- About this task
Among the entries below, the lines from the one with "A digital topographic" up to and including the one with "туда входит Лепка" are to be restated exactly, without pictures.

- The input
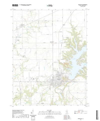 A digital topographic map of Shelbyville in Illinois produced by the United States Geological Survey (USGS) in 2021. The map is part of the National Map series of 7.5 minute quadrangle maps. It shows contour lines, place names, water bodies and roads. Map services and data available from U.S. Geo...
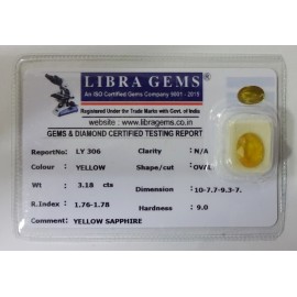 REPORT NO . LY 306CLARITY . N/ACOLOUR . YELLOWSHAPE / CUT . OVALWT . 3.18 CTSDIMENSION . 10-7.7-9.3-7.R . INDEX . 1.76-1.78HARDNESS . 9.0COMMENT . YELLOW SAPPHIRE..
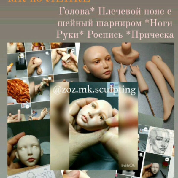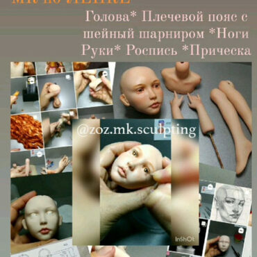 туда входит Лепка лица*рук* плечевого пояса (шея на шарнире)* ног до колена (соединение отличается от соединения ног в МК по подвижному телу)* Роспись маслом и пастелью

...

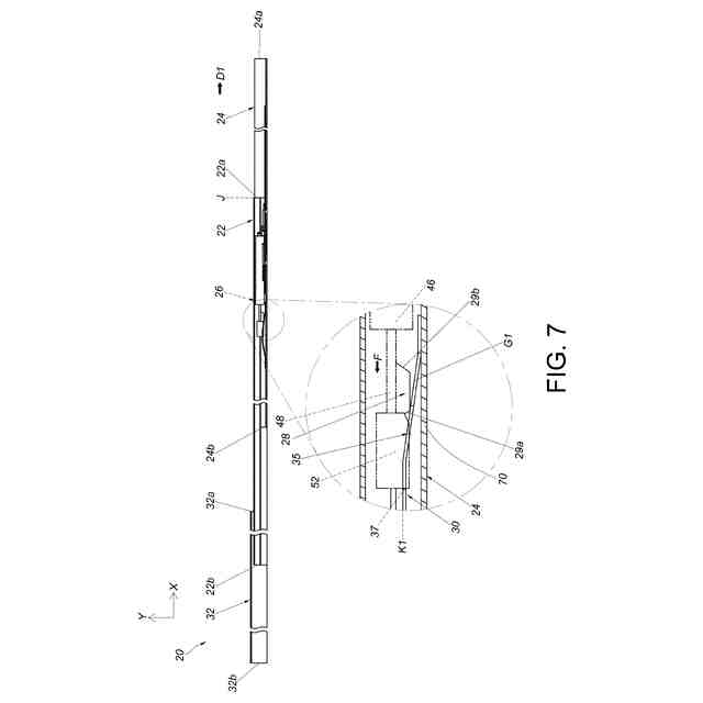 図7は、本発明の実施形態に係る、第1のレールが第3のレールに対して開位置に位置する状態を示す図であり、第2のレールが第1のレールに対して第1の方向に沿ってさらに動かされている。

- Exercise result
 A digital topographic map of Shelbyville in Illinois produced by the United States Geological Survey (USGS) in 2021. The map is part of the National Map series of 7.5 minute quadrangle maps. It shows contour lines, place names, water bodies and roads. Map services and data available from U.S. Geo...
 REPORT NO . LY 306CLARITY . N/ACOLOUR . YELLOWSHAPE / CUT . OVALWT . 3.18 CTSDIMENSION . 10-7.7-9.3-7.R . INDEX . 1.76-1.78HARDNESS . 9.0COMMENT . YELLOW SAPPHIRE..
 туда входит Лепка лица*рук* плечевого пояса (шея на шарнире)* ног до колена (соединение отличается от соединения ног в МК по подвижному телу)* Роспись маслом и пастелью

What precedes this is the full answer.